Below are lines of data; restate word for word those running from the line containing "所以更建议用元素反应,火、冰" to the line containing "Fodralet är tillverkad", inclusive, and no others.

Dataset excerpts
═══
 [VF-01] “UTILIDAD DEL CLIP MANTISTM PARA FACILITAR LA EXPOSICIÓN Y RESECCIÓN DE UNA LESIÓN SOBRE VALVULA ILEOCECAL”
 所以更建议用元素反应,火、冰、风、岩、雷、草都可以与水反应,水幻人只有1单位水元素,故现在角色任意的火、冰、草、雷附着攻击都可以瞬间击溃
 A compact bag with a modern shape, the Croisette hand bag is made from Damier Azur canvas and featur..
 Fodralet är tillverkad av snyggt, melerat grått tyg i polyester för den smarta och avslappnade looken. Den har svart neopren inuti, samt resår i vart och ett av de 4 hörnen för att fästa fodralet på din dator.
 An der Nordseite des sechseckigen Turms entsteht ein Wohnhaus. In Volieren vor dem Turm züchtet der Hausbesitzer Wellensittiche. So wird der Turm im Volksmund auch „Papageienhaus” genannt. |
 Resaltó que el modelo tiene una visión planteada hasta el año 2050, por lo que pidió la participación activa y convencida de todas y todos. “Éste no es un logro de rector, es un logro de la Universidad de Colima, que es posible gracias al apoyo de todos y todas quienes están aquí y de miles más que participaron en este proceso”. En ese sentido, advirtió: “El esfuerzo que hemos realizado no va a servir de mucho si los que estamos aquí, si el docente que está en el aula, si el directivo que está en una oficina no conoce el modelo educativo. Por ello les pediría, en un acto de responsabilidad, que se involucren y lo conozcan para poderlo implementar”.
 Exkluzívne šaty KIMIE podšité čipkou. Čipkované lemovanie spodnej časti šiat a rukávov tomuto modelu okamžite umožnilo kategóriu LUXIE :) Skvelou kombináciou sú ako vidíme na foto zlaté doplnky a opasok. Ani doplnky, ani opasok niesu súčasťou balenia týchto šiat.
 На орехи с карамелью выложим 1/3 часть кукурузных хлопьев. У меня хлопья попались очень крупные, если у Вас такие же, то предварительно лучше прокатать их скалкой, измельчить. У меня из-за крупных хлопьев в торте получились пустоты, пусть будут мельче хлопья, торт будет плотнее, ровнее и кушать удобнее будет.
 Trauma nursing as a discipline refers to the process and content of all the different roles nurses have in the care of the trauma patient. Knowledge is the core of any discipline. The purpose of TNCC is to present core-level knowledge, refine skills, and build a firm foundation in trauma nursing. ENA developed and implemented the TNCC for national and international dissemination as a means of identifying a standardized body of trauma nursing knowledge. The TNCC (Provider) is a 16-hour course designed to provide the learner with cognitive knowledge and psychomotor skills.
═══
_Solution for this task:_
 所以更建议用元素反应,火、冰、风、岩、雷、草都可以与水反应,水幻人只有1单位水元素,故现在角色任意的火、冰、草、雷附着攻击都可以瞬间击溃
 A compact bag with a modern shape, the Croisette hand bag is made from Damier Azur canvas and featur..
 Fodralet är tillverkad av snyggt, melerat grått tyg i polyester för den smarta och avslappnade looken. Den har svart neopren inuti, samt resår i vart och ett av de 4 hörnen för att fästa fodralet på din dator.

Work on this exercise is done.